= Beginning of Section =
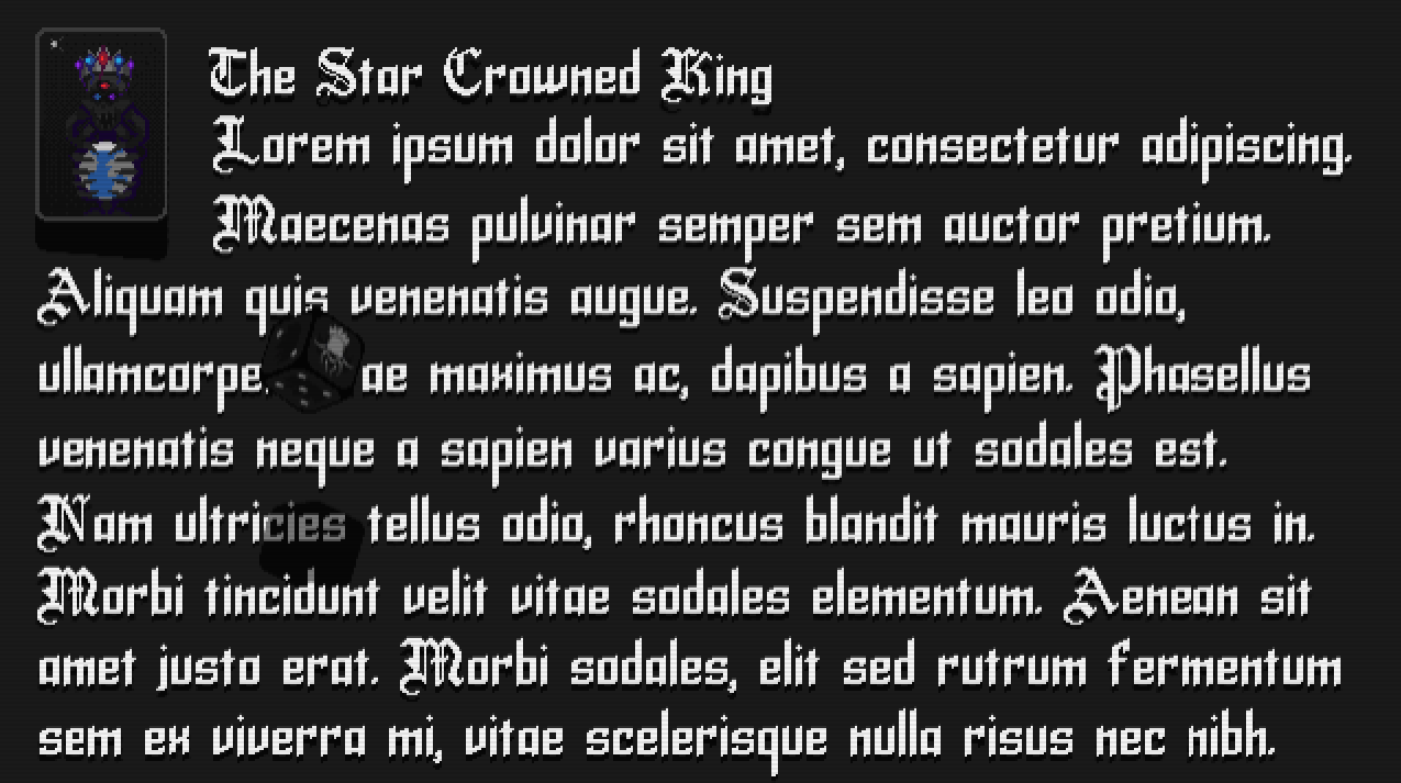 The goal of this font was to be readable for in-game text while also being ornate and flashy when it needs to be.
= End of Section =
= Beginning of Section =
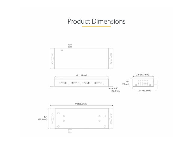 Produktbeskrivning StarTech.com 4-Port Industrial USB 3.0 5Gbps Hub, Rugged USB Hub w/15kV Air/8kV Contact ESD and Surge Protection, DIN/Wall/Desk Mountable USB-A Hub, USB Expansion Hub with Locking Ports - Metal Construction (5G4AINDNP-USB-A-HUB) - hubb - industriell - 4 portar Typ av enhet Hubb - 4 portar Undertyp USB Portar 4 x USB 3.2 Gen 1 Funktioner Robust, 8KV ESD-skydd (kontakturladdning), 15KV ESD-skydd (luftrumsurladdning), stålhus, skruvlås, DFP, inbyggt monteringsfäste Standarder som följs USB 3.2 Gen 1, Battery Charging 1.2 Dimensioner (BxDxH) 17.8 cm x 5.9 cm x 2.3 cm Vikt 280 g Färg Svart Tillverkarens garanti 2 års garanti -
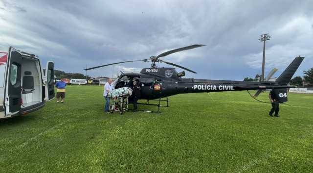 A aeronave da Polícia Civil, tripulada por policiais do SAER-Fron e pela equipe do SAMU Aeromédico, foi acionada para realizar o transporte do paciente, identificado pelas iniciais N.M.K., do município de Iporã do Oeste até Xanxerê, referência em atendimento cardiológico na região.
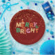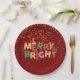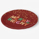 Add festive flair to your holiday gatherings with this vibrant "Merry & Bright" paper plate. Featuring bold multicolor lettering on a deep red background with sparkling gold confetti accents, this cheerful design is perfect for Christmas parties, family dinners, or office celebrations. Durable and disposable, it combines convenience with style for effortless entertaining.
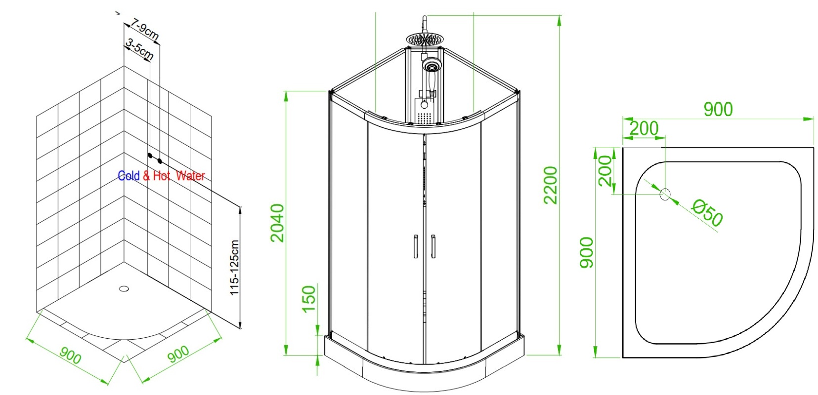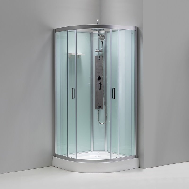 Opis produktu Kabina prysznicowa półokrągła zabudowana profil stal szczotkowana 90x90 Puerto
= End of Section =
= Beginning of Section =
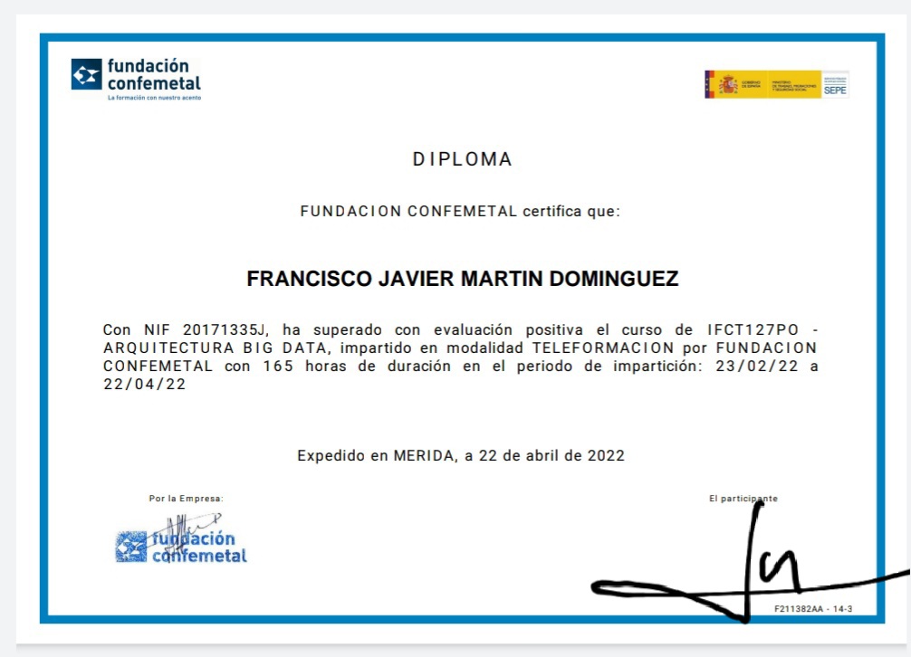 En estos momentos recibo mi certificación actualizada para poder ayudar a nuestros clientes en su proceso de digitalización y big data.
= End of Section =
__Instructions to follow__
Each line above from the one containing "Add festive flair" through the one containing "Opis produktu Kabina" is to be returned verbatim. Nothing else, and no pictures.

__Response area__
 Add festive flair to your holiday gatherings with this vibrant "Merry & Bright" paper plate. Featuring bold multicolor lettering on a deep red background with sparkling gold confetti accents, this cheerful design is perfect for Christmas parties, family dinners, or office celebrations. Durable and disposable, it combines convenience with style for effortless entertaining.
 Opis produktu Kabina prysznicowa półokrągła zabudowana profil stal szczotkowana 90x90 Puerto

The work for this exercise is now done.